– Ходу! – весело приказал Белов.

Он не ожидал такого эффекта от короткого слова. Зуев пошёл как-то ново, неожиданно. Каждый его гребок в протяжности телесного томления был не вполне собой, а приготовлением следующего, разминкой, разгоном перед ним. И этот следующий, действительно, вбирал в себя предыдущий, покрывал его с верхом, однако сам вновь оказывался предварением, обещанием большего, – и эта череда фрактальных усилений куда вела – в завораживающую бесконечность? к неведомому пределу?..

Белов суетливо, недобирая воды, поддержал темп, но и темпом он не встроился в чувство, а сидел лишним, или пусть дополнительным, в лодке. Зуев разрывал воздух, вода из чужого и самостоятельного вещества превратилась в отражённое продолжение его мышц. Уфимцы, когда на повороте Белов успел глянуть, всё больше откатывались. Зуев грёб как в бесконечность; но предел был, и на неизвестной середине в теле зазвенела и лопнула пружина. Лопнула пружина, сдерживающая настоящую старую силу, стискивающая и неволящая. Что-то главное и тонкое, любимое им в себе, освободилось, разверзлось в теле. Стремительные треугольники разбегались от байдарки. Зеленоватые взвеси по бортам слились в пёструю падающую полосу. Зуев дышал глубоко и мощно – и не мог издышаться.

5

Они остановились в просторном величественном ельнике. От реки он загустевал вниз по склону и обламывался в болото. Белов дошёл туда, пересекая воображаемые тонкие коричневые линии карты – горизонтали запахов. В воздухе распространялась сладкая наркотическая болезненность. Близ болота ёлочки образовывали сплошной заслон, за которым торчали во множестве голые, обломленные стволы. У выживших елей только верхушечки были буровато-зелены, остальное медленно окаменевало, и меж ними вились уродцы сосен. Белов постоял, жалея тихий ненужный мир, охранявший реку. Ему было тревожно и хотелось кого-нибудь спасти.

Поднимаясь обратно, слегка затмилось в глазах. Сухой до терпкости воздух косогора был будто разрежен, и душа то куда-то сквозь прорехи непосредственного чувства пропадала, то заново оказывалась, как накалываясь на остриё вздоха. Из этих мгновений, поодиночке не существующих, составлялся пунктир здешнего счастья.
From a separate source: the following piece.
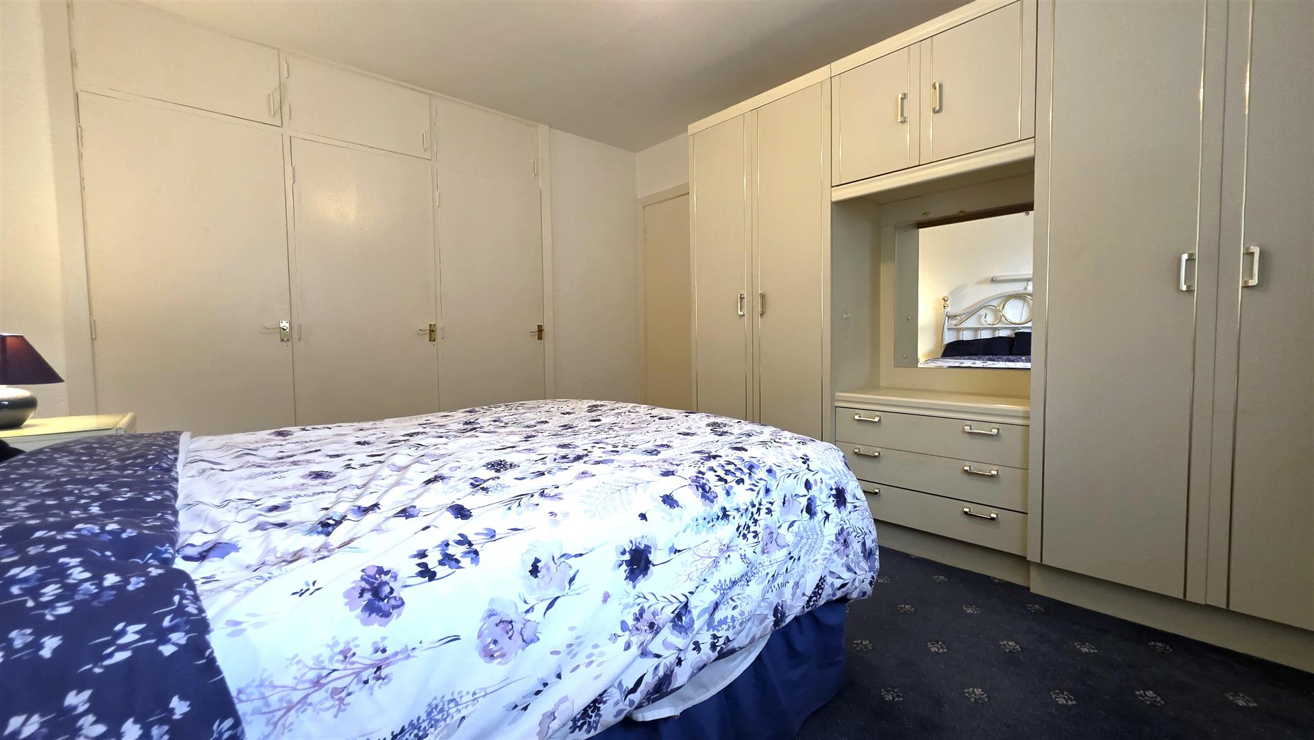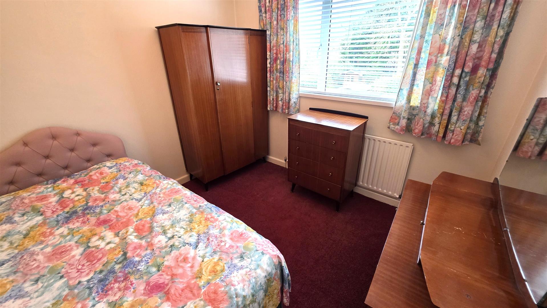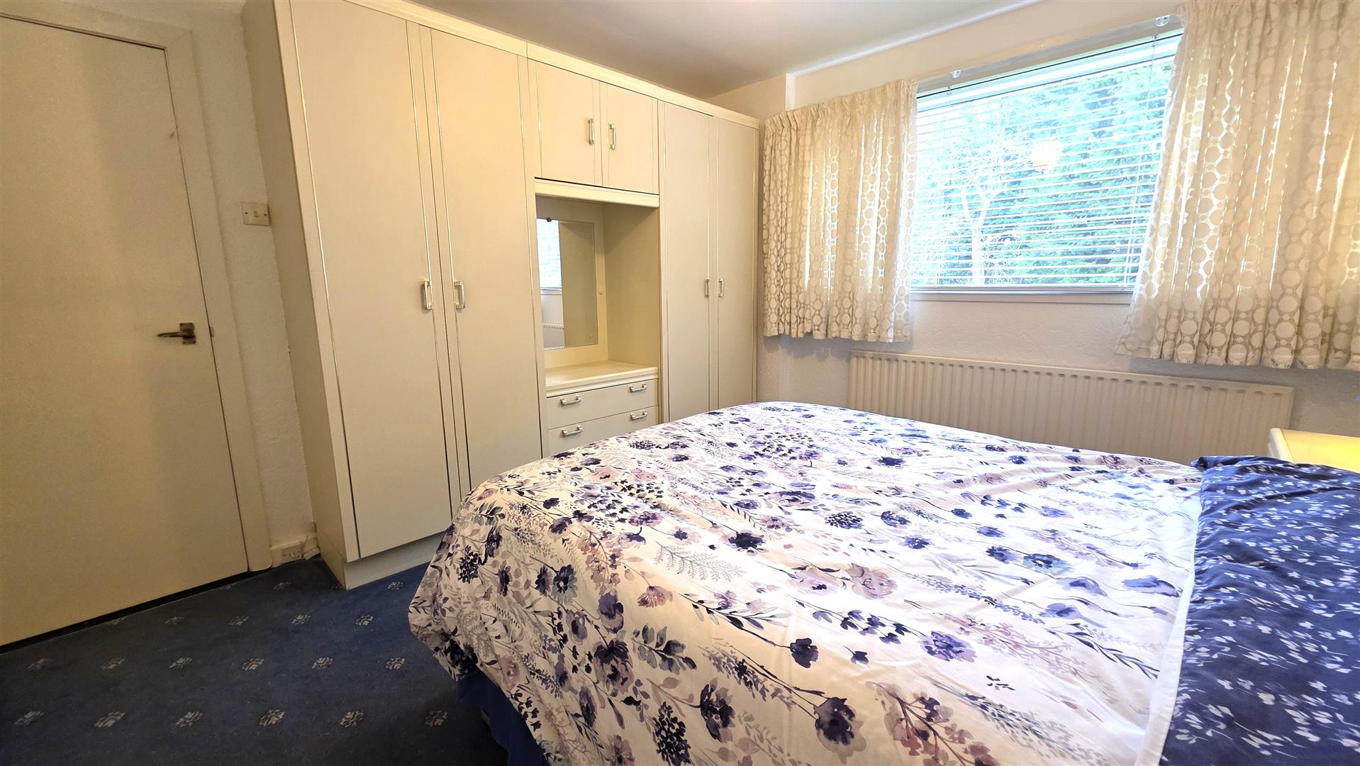 Large Integrated bedroom storage with closing rails. Single radiator.

Зуев развёл пламенное буйство, отламывая у геронтических елей отмершие длинные нижние ветви. Ельник был дымчат, как через изумрудное стёклышко. Разлапистые великаны стояли раздвинуто, перемежаясь крепким ельничным подростом и редким инородьем, а травяной ковёр меж ними казался нарочным и выхоженным. Лишь по кромке поляна была оторочена берёзками. Темнело, обнажая во всём пристальную сказочность.

Палатка рыжела, ожидая их, но гонщики лежали у костра, одинаково опёршись на локти, и не хотели оторваться. Дым шёл винтом, будто невидимый шаман метался около, потрескивая и выбирая прильнуть. Далеко вскрикнула выпь.
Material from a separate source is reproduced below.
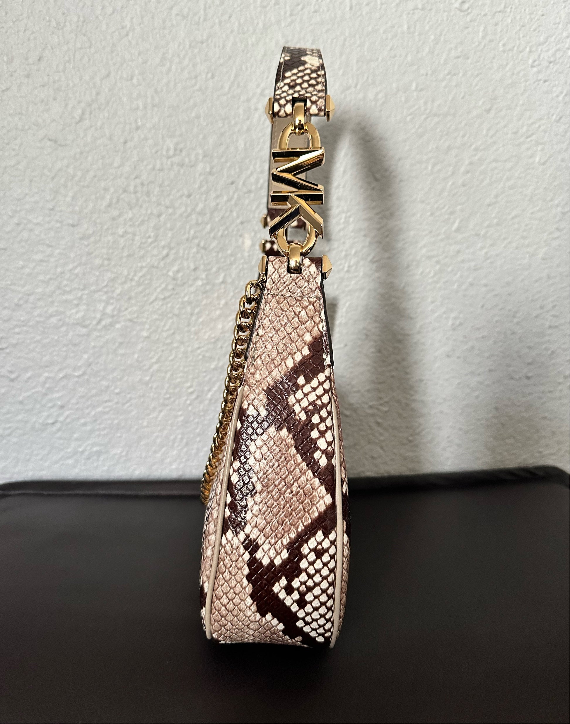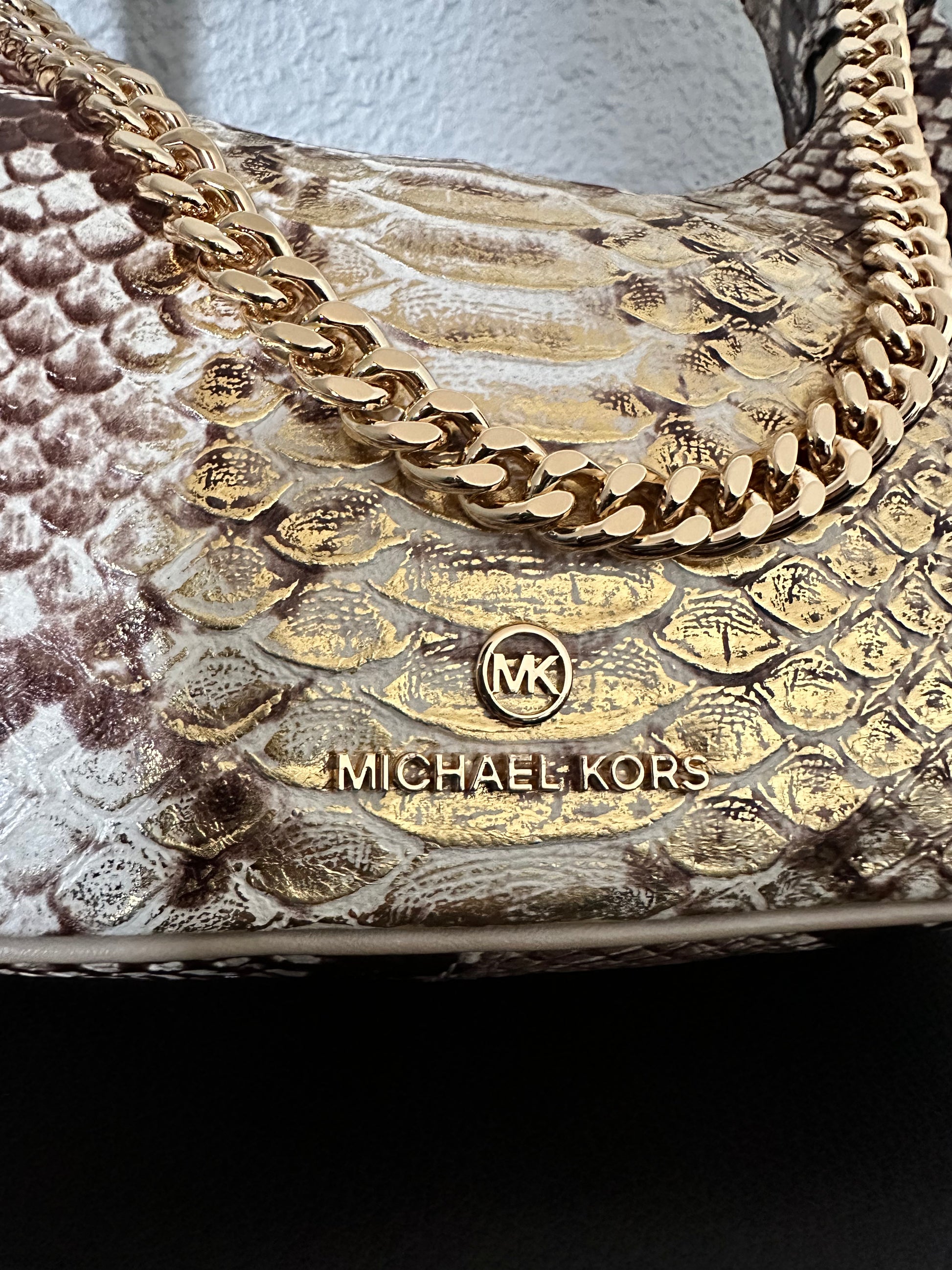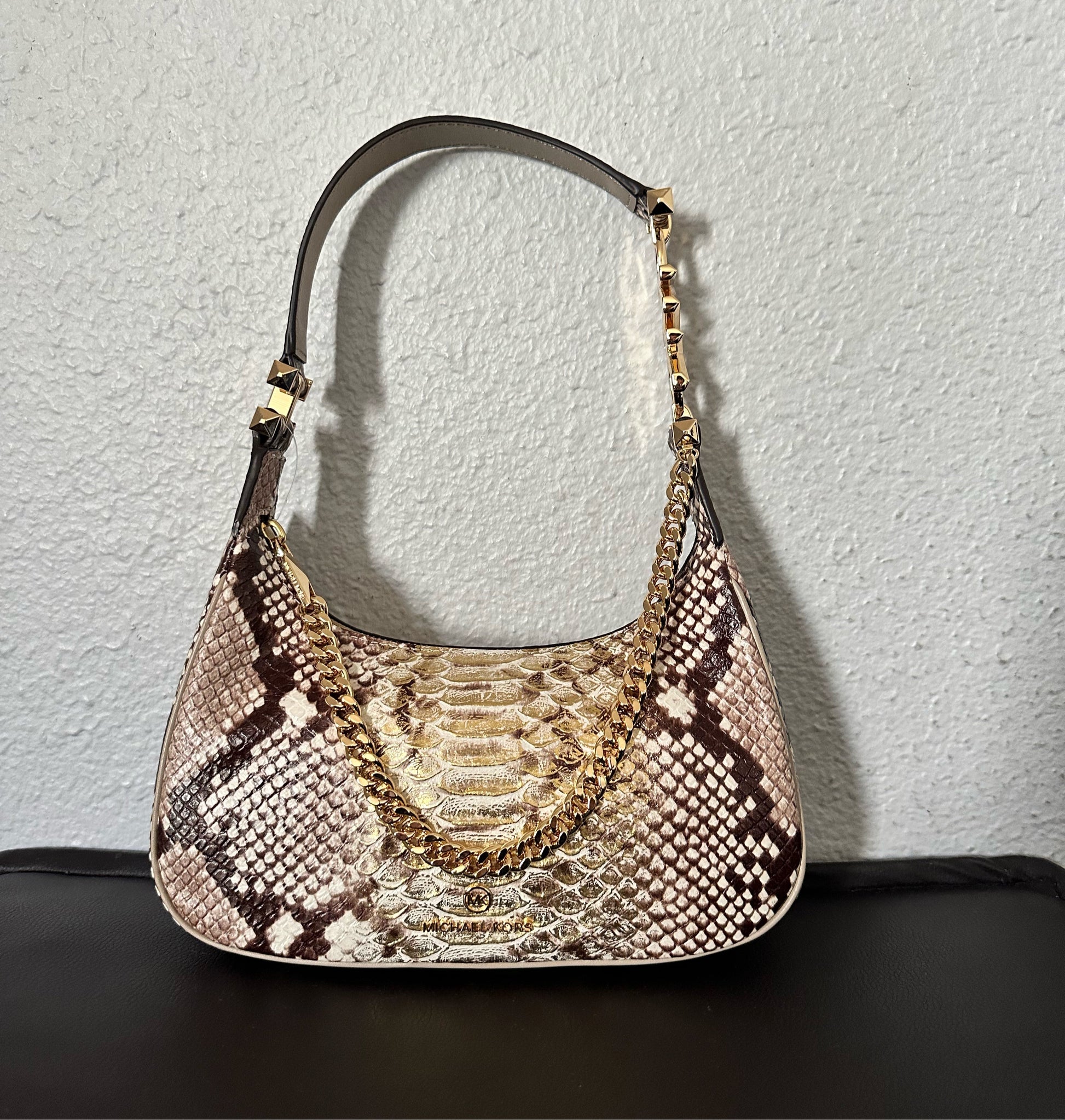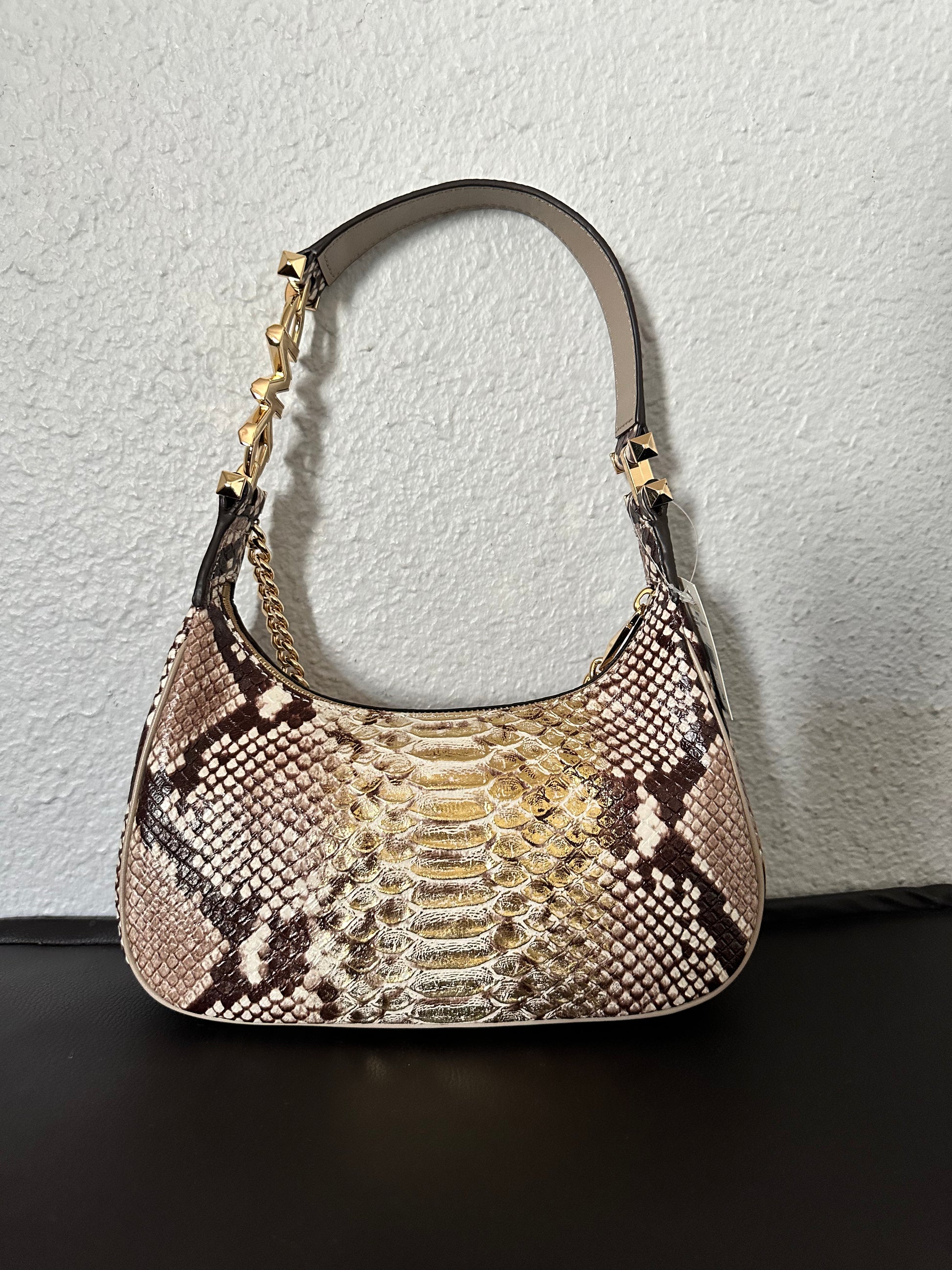Crafted from luxe snake-embossed leather with a striking metallic panel, this PEPPER bag features chain-link hardware and studs that are sure to make a statement. You will love how the shapely top handle will comfortably slip over your shoulder

Зуев чувствовал за спиной холод лежащего без единого человека пространства, – и это было воображаемой правдой на сто или, может быть, двести километров. Взглядывая на горячее лицо Белова, он смутно опасался, что придётся снова разговаривать какие-нибудь прошлые вещи – что такое отечество или другой общий смысл; но ему было дружелюбнее молчать, изредка пуская короткую фразу, обратно перепархивающую костёр и опалено замирающую на губах. Ему казалось, что он стесняет Белова тем, что до сих пор они запросто не разговорились, однако и тот ведь много молчал, и почти без труда. Ему захотелось сказать что-нибудь отстранённо-доброе. Он посмотрел в глаза Белову – они слепо блестели: огонь, отсвечивая, обращал глубину в сплошную темноту дна. Зуев положил голову на руку.